**Problem statement:** Starting with the line that has "Nur rund 750" in the records below and ending with the line that has "Colgante en forma", output those lines exactly and nothing more; omit the pictures.

**Data extract:**
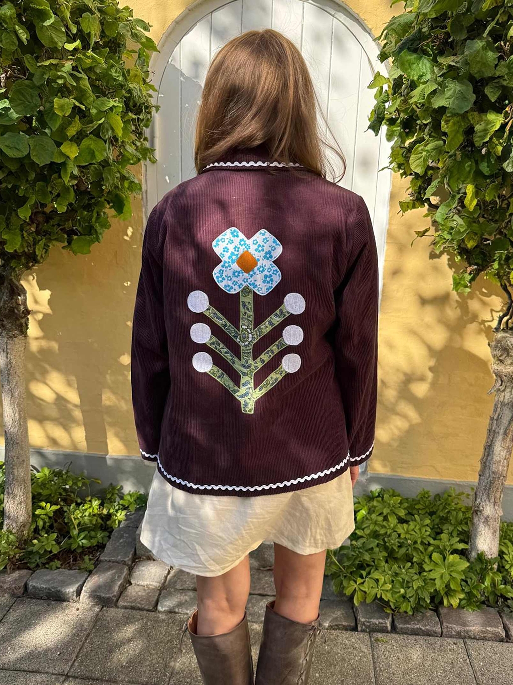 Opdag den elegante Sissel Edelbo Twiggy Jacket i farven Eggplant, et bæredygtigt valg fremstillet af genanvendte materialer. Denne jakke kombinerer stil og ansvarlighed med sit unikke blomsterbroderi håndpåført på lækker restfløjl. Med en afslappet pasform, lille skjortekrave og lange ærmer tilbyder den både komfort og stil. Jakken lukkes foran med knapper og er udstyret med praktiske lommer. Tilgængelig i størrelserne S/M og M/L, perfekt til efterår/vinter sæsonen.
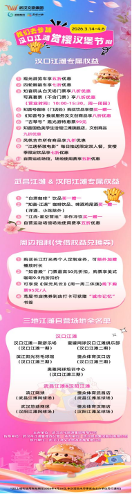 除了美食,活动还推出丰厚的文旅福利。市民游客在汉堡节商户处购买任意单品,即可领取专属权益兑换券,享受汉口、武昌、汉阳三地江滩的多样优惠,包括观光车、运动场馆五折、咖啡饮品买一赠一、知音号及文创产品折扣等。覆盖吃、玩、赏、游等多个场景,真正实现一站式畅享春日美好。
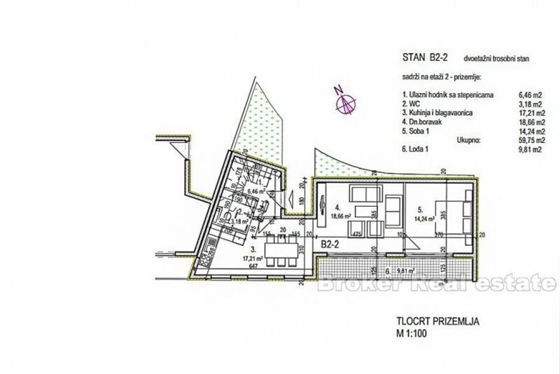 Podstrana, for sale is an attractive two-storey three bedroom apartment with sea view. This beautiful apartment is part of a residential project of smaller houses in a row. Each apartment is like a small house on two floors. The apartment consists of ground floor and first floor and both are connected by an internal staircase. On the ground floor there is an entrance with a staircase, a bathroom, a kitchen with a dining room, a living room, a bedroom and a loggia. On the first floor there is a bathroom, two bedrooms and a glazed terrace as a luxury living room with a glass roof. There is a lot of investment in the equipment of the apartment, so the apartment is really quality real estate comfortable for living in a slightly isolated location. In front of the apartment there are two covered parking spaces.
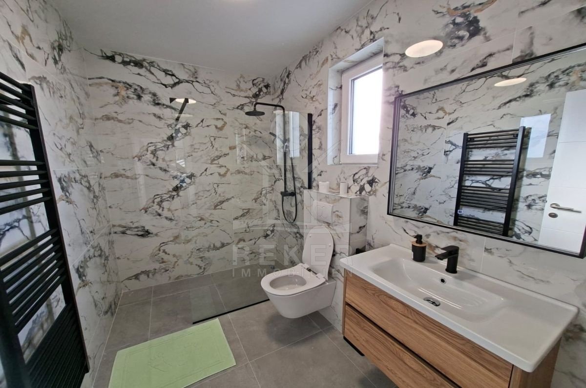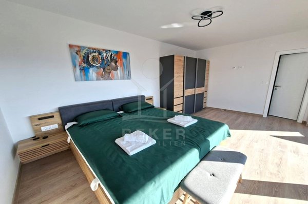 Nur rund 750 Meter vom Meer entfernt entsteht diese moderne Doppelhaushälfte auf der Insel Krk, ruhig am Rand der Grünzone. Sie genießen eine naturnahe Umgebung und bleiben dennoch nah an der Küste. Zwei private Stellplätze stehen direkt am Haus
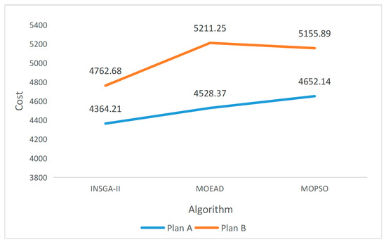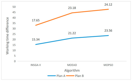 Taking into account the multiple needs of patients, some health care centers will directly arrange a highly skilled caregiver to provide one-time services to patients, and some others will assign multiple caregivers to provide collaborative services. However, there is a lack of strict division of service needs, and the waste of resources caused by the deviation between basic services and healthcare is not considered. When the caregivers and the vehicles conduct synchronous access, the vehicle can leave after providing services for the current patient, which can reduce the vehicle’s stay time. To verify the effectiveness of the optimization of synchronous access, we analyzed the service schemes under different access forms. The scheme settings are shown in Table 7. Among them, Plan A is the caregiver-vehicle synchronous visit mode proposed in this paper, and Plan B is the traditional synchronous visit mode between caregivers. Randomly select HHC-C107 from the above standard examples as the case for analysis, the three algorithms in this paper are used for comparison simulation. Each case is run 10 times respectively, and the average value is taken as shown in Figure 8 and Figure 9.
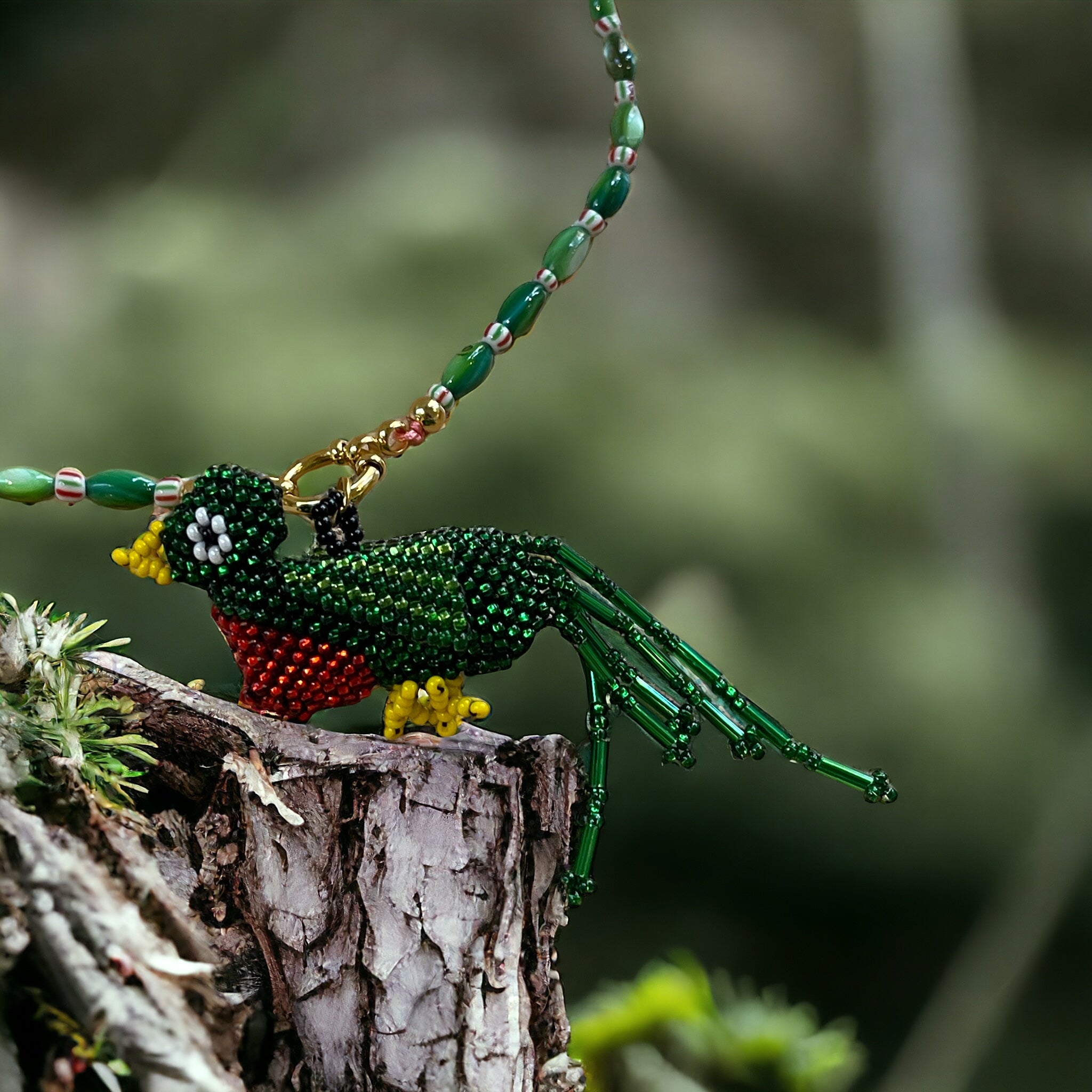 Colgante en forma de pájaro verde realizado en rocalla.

---

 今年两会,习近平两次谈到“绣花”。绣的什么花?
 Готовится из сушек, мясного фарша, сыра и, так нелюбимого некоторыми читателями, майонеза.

--

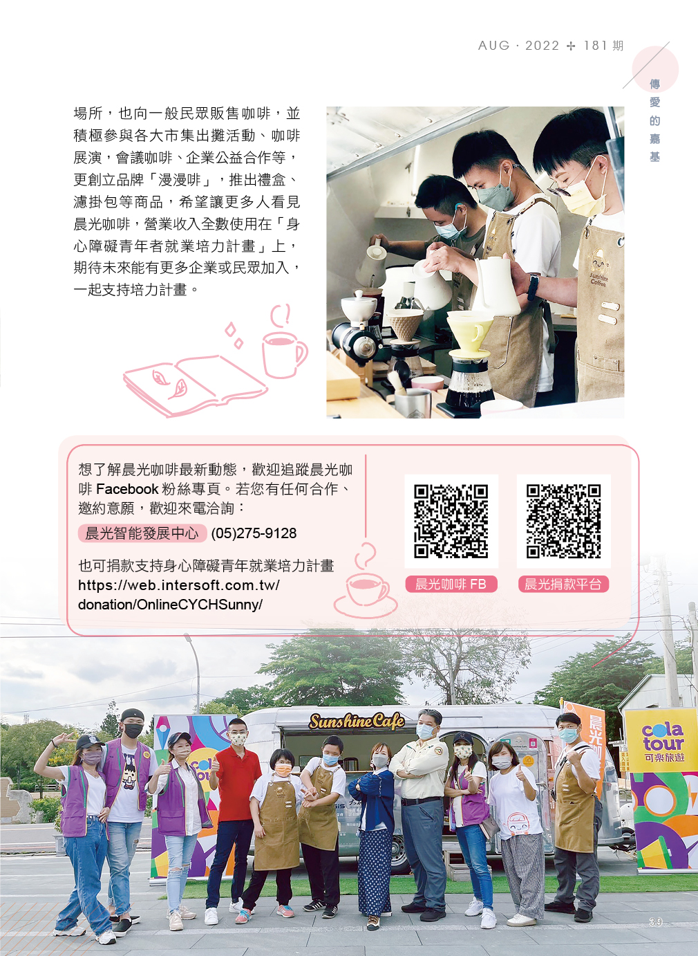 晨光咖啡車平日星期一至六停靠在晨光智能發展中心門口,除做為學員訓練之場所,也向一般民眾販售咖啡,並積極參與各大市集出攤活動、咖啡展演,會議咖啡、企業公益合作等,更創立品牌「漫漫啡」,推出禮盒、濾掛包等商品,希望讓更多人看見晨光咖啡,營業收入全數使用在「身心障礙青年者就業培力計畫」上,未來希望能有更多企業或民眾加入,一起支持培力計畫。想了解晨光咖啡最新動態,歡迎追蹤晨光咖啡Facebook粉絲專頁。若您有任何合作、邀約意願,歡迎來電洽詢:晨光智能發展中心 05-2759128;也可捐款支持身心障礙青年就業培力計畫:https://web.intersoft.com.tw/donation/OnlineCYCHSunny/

**Exercise response:**
 Nur rund 750 Meter vom Meer entfernt entsteht diese moderne Doppelhaushälfte auf der Insel Krk, ruhig am Rand der Grünzone. Sie genießen eine naturnahe Umgebung und bleiben dennoch nah an der Küste. Zwei private Stellplätze stehen direkt am Haus
 Taking into account the multiple needs of patients, some health care centers will directly arrange a highly skilled caregiver to provide one-time services to patients, and some others will assign multiple caregivers to provide collaborative services. However, there is a lack of strict division of service needs, and the waste of resources caused by the deviation between basic services and healthcare is not considered. When the caregivers and the vehicles conduct synchronous access, the vehicle can leave after providing services for the current patient, which can reduce the vehicle’s stay time. To verify the effectiveness of the optimization of synchronous access, we analyzed the service schemes under different access forms. The scheme settings are shown in Table 7. Among them, Plan A is the caregiver-vehicle synchronous visit mode proposed in this paper, and Plan B is the traditional synchronous visit mode between caregivers. Randomly select HHC-C107 from the above standard examples as the case for analysis, the three algorithms in this paper are used for comparison simulation. Each case is run 10 times respectively, and the average value is taken as shown in Figure 8 and Figure 9.
 Colgante en forma de pájaro verde realizado en rocalla.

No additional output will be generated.